Kein Wunder, dass Vertreter der Wohlfahrtsverbände Alarm schlagen. Bei einer Pressekonferenz am Freitag sagte Ursula Schoen, die Direktorin des Diakonischen Werks Berlin-Brandenburg-schlesische Oberlausitz: „Wir erleben in nahezu allen Bereichen, dass der soziale Immobilienmarkt an die Grenzen stößt. Und nun funktioniert auch die klassische Vorstellung von Winternothilfe praktisch nicht mehr.“ Das Diakonische Werk ist ein Teil des Kältehilfe-Netzwerks.

Ursula Schoen sieht natürlich auch die katastrophale Lage auf dem Wohnungsmarkt und die Zahl der Menschen, die dringend eine Unterkunft suchen. „Aber bei der Kältehilfe fehlen 400 Orte menschlicher Nähe.“ Und diese menschliche Nähe wird immer öfter gesucht. „In Tagesstätten und Suppenküchen erleben wir eine rasant wachsende Zahl von Bedürftigen“, sagte die Diakonie-Direktorin.

Barbara Breuer, die Sprecherin der Stadtmission, beobachtet, „dass sich das Profil der Menschen, die in die Notunterkünfte kommen, enorm gewandelt hat“. Zunehmend Vergangenheit sei „der klassische alkoholkranke ältere Mann“. Wer jetzt auftauche, sei oft jünger, etwa 30, sucht- und psychisch krank. Aber mit der angemessenen Betreuung dieser Menschen seien Ehrenamtliche mitunter schlicht überfordert.

Beim Zusammenrücken machen nicht alle mit

„Wir lassen natürlich niemanden in der Kälte stehen, wenn er noch einen Platz sucht“, sagt Ina Zimmermann, Referentin für Wohnungslosigkeit bei der Diakonie. „Dann rücken halt alle zusammen, und wir akzeptieren schlechtere Zustände, obwohl wir das eigentlich nicht verantworten können. Aber es gibt dann natürlich Menschen, die lieber im Freien übernachten als unter solchen Bedingungen.“

Auch in der Lehrter Straße, der größten Notunterkunft der Stadtmission, ist man von vornherein auf eine Überbelegung eingerichtet. 125 Plätze hat die Unterkunft offiziell, „aber vor der Tür stehen dann nicht selten 170 Menschen“, sagt Barbara Breuer. Im Notfall werden andere Unterkünfte nach freien Plätzen angefragt. Drei Kältebusse sind in der ganzen Stadt im Einsatz.

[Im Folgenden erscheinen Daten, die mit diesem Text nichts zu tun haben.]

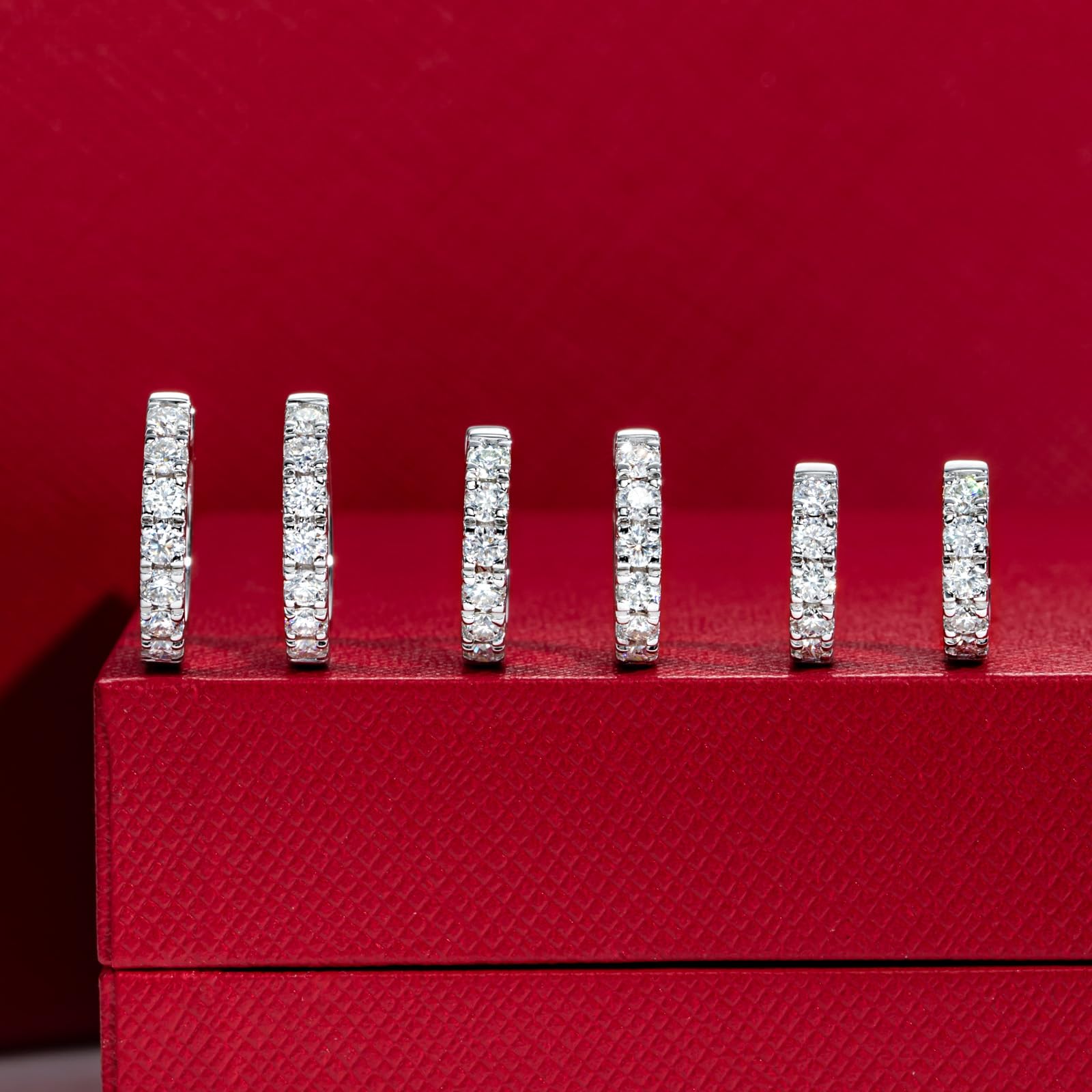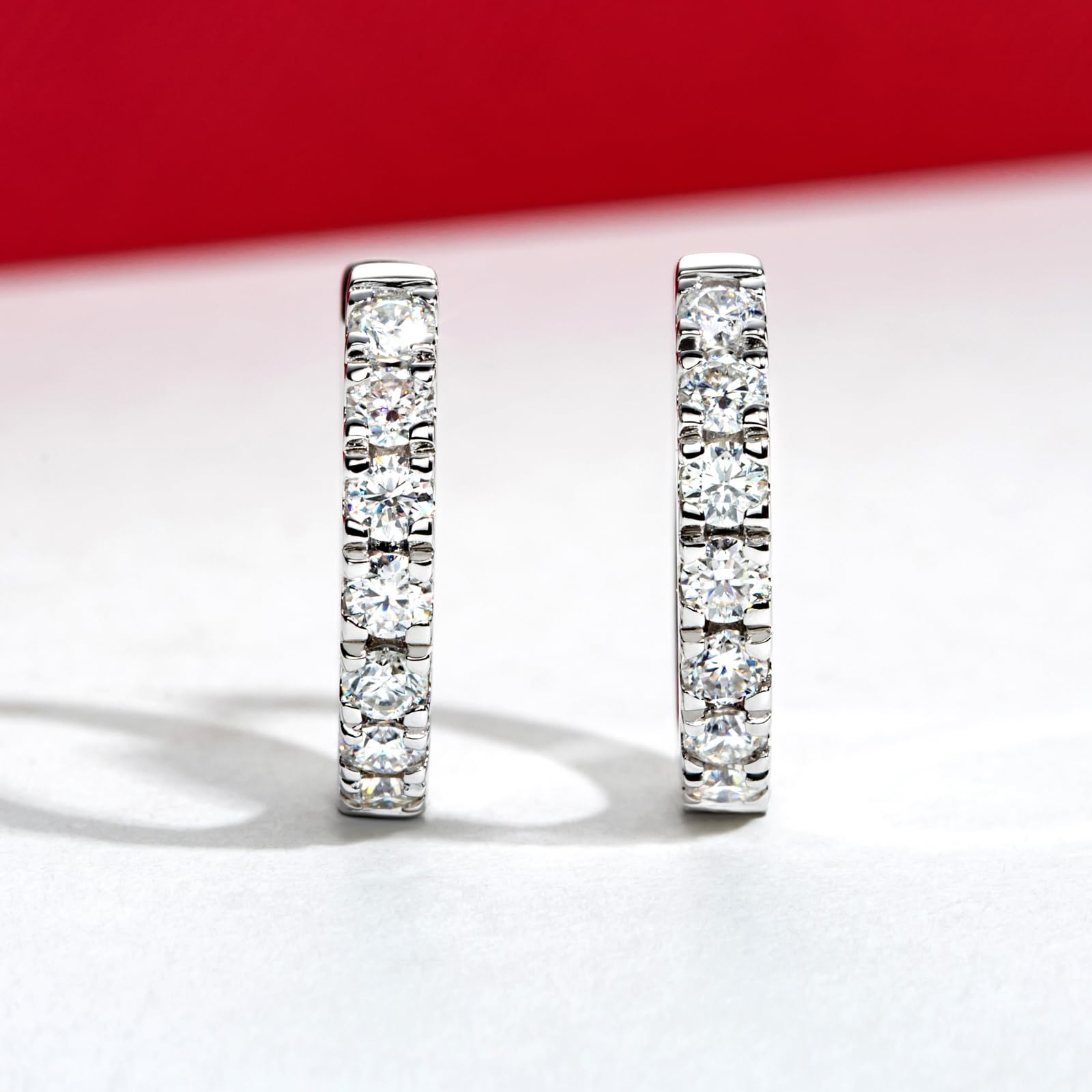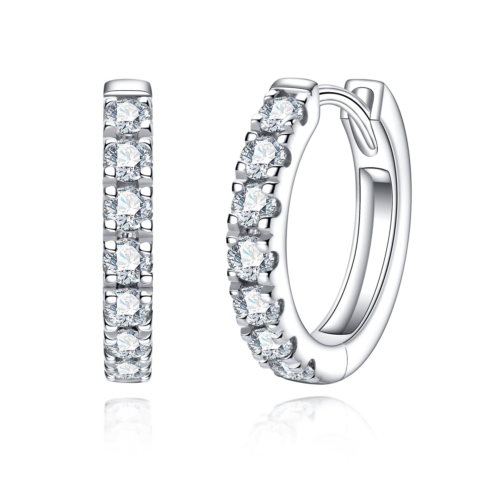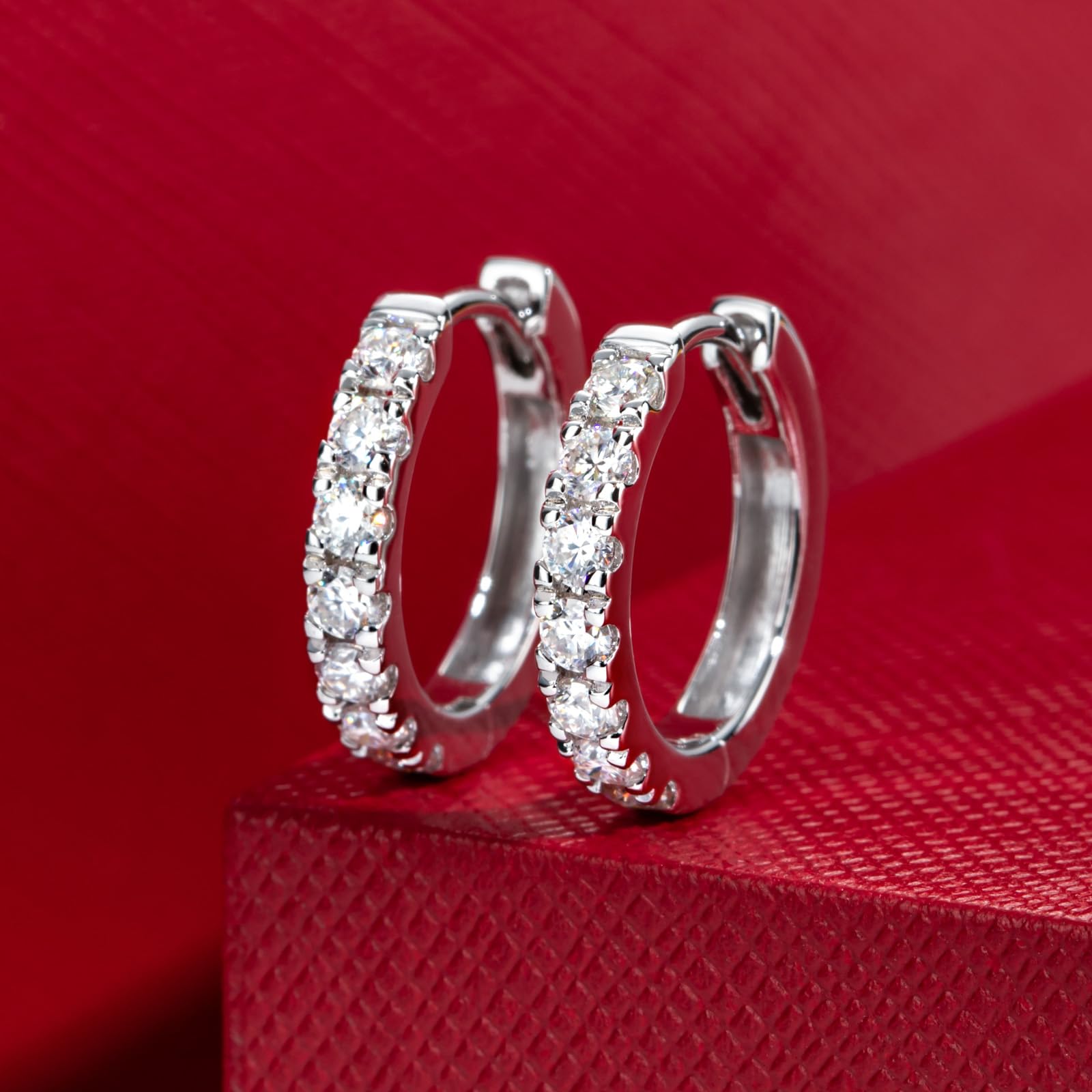 - 【CLASSIC DESIGN】: These are elegant hoop earrings, featuring 10pcs 0.06ct round brilliant cut moissanites set in solid 14k white gold. The moissanites are arranged in a shared prong setting around the hoop, maximizing their sparkle. The design is timeless and versatile, suitable for both everyday wear and special occasions. The secure closure ensures comfort and ease of wear, making these earrings a classic addition to any jewelry collection.

Immerhin gibt es keine Einsparung

Drei Millionen Euro stellt die Senatsverwaltung für Soziales für die diesjährige Kältehilfe bereit, diese Summe ist zumindest im Entwurf des Doppelhaushalts eingestellt. Die gleiche Summe wie in der vergangenen Saison. Ursula Schoen begrüßt, dass es keine Einsparung gibt.

Trotzdem fordert sie ein Ende der temporären Lösungen. „Nur mit einem ganzjährigen Hilfesystem wird es möglich sein, dem staatlichen Schutzauftrag für Wohnungs- und Obdachlose nachzukommen“, sagt sie.

Über zwei der der vielen Betroffenen dieser Wohnungsnot berichtete Jörge Bellin, Koordinator für Wohnungs- und Obdachlosenhilfe bei den Johannitern. Das Pärchen hatte seine Wohnung verloren und trotz großer Mühe keine neue gefunden. Die Beiden lebten deshalb in der Notunterkunft Ohlauer Straße der Johanniter – während der gesamten Kältesaison.